# Places to dine/chill/have fun



## elrasho (May 16, 2010)

Alight guys and gals 

I finally arrive in Cairo next month and wanted to see where my fellow expatforum.com chums go to dine, chill out and have fun. Things like restaurants, bars and the like. 

So where do you go to hang out? have you a special place you've found that you like, why not tell us about it? What's your "regular" place like and why do you prefer it there?

Once I'm in Cairo I will be creating a blog and would love some input from fellow expats, things like tips and stuff you've learned whilst living here.


----------



## Beatle (Aug 14, 2009)

elrasho said:


> Alight guys and gals
> 
> I finally arrive in Cairo next month and wanted to see where my fellow expatforum.com chums go to dine, chill out and have fun.

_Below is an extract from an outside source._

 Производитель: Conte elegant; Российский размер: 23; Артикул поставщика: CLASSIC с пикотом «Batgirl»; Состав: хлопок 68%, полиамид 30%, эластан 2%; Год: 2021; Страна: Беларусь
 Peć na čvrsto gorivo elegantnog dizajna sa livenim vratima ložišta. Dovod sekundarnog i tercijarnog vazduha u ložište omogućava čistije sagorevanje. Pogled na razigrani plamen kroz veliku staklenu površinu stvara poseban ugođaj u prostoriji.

Things like restaurants, bars and the like.
> 
> ...


If I am out with friends or family who haven't been to Cairo before, I will take them to Khan el Khalili (the souk). It's always really busy and although I never buy anything, it's nice to wander round the stalls. There's a cafe in the souk called El Feshawi which is apparently the oldest cafe in Cairo. It's been open 24 hours a day for the last 200 years. It's not a peaceful way to drink your tea but it's definitely lively. Afterwards we will usually go for fiteer (a type of Egyptian pizza). Anyone I have taken there has loved it.

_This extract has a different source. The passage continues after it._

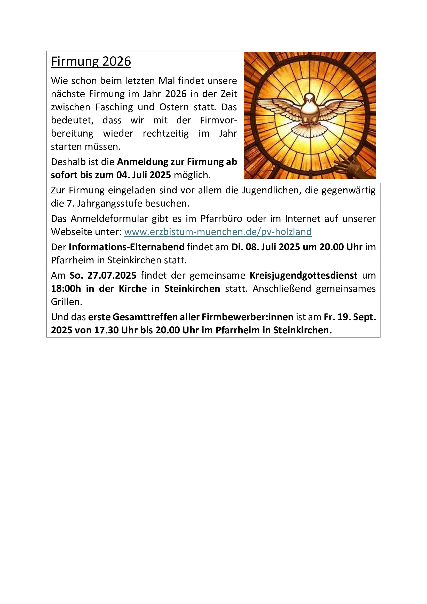 In unserem Pfarrverband werden Jugendliche in der Regel in der 8. Jahrgangsstufe gefirmt. Die Firmung findet im zwischen Fasching und Ostern statt.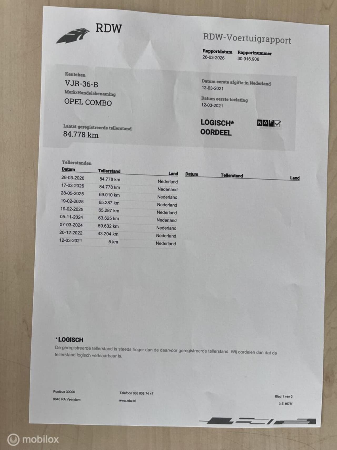 | Kilometerstand | 84.778 km |

I think my favourite place to go to though is Al Azhar park. There is so little greenery in Cairo that when you go to the park, it feels like you have left Cairo. It's great to just sit there watching Egyptian families (who are usually watching us!). There are some nice cafes and restaurants. I love climbing the observation point on top of a small hill in the park - if you go there at sunset, the view over Cairo is great and you can hear the sound of the azan rippling through the city.


----------



## Sam (Aug 27, 2009)

My two favourite places in Cairo to dine/chill are TGI Friday's in Maadi or Giza. I just love sitting by the river 

I'm not very Cairo acquainted though so there are probably much better things to do!!


----------



## Beatle (Aug 14, 2009)

Sam said:


> My two favourite places in Cairo to dine/chill are TGI Friday's in Maadi or Giza. I just love sitting by the river
> 
> I'm not very Cairo acquainted though so there are probably much better things to do!!

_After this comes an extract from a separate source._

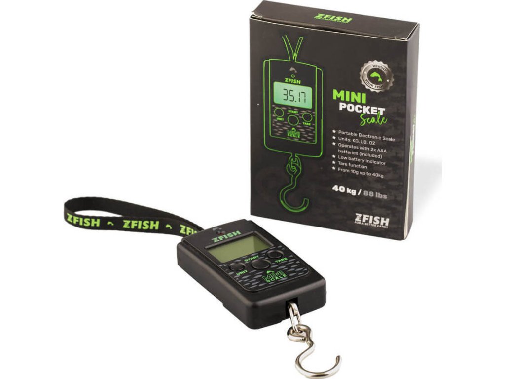 Česká značka ZFISH přichází s "MINI" modelem digitální váhy, která se Vám vejde do kapsy, takže bude vždy připravená do akce. Tato praktická, kapesní váha s jednoduchým ovládáním pomocí tří tlačítek umožňuje opravdu rychlé zvážení Vašich úlovků až do 40kg. Zapnutí a vypnutí probíhá stisknutím tlačítka ON/OFF. Krátkými stisky tlačítka UNIT změníte jednotky hmotnosti (kg, lbs, oz), Funkce TARE umožňuje odečet hmotnosti vážících pomůcek jako jsou saky, tašky a podobně.

I don't think I have seen TGI Fridays in Cairo! Is it hideously expensive like Hard Rock Cafe - I went to Hard Rock in Cairo for someones birthday and I think it must have been one of the most expensive meals I have ever eaten considering what I had

But I agree, I love going to places that overlook the Nile


----------



## Sam (Aug 27, 2009)

Beatle said:


> I don't think I have seen TGI Fridays in Cairo! Is it hideously expensive like Hard Rock Cafe - I went to Hard Rock in Cairo for someones birthday and I think it must have been one of the most expensive meals I have ever eaten considering what I had
> 
> But I agree, I love going to places that overlook the Nile


It used to be "reasonably" expensive, I wouldn't say hideously so. You could get a burger meal for around 30 EGP. But the TGI branches in Sharm have recently hiked up their prices making it hideously expensive, so if the Cairo branches followed suit, then it is 

The Giza branch is on a boat near to the Four Seasons Hotel, and the Maadi branch is near to the Sofitel hotel. Both have outdoor seating areas with Shisha - and Maadi branch was always full of Americans whenever I went, so I'd say a good bet for meeting expats!!


----------



## Beatle (Aug 14, 2009)

Sam said:


> The Giza branch is on a boat near to the Four Seasons Hotel, and the Maadi branch is near to the Sofitel hotel. Both have outdoor seating areas with Shisha - and Maadi branch was always full of Americans whenever I went, so I'd say a good bet for meeting expats!!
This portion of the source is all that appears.